From the data below, please reproduce exactly everything from the line that contains "견적서를 전달 받았다면, 예약 마감일 전에 예약해주세요!" down to the line that contains "Modern holiday-themed baubles, gifts, ribbons", with both ends included.

*** Given records ***

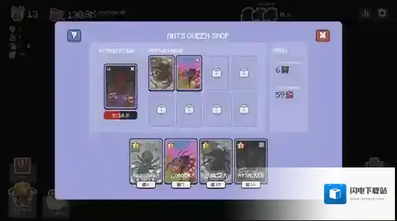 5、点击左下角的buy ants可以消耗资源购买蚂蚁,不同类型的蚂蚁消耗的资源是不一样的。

***
*** Given records ***

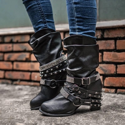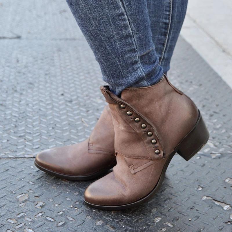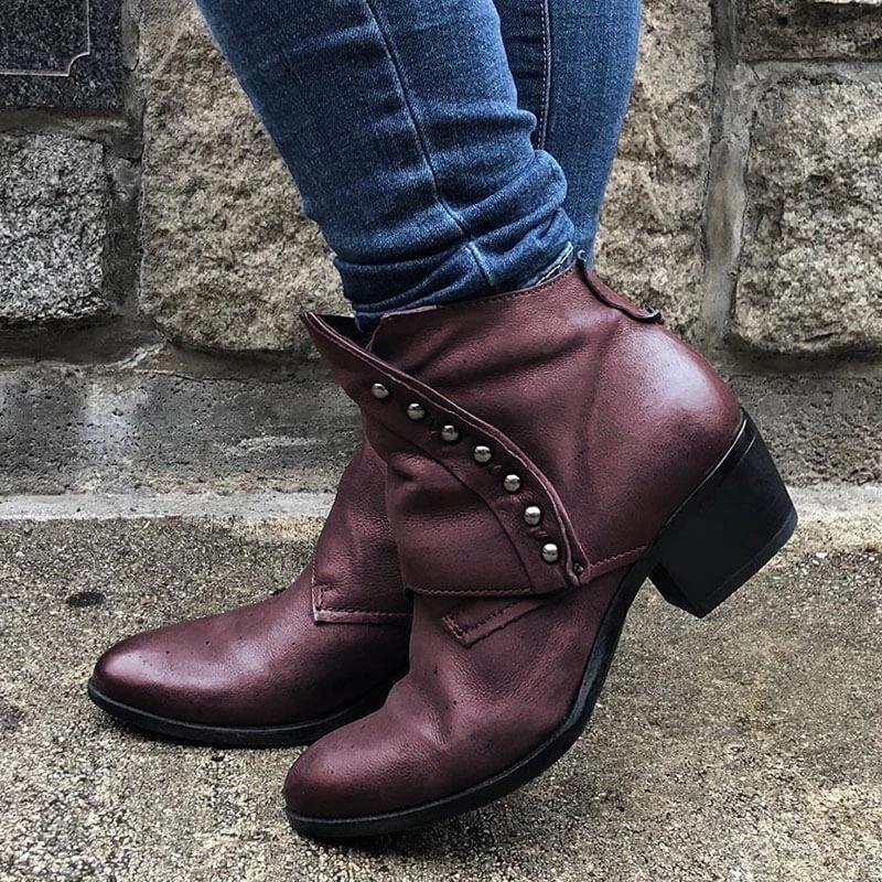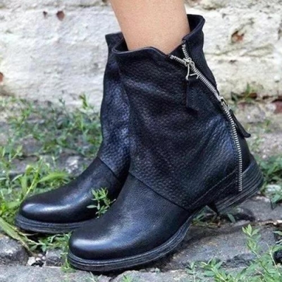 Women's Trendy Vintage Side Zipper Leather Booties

***
*** Given records ***

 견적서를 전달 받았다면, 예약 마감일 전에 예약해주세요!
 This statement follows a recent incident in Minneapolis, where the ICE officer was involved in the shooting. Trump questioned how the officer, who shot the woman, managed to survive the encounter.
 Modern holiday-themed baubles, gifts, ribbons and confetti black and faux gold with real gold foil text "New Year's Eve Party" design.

***

● **Task solution**
 견적서를 전달 받았다면, 예약 마감일 전에 예약해주세요!
 This statement follows a recent incident in Minneapolis, where the ICE officer was involved in the shooting. Trump questioned how the officer, who shot the woman, managed to survive the encounter.
 Modern holiday-themed baubles, gifts, ribbons and confetti black and faux gold with real gold foil text "New Year's Eve Party" design.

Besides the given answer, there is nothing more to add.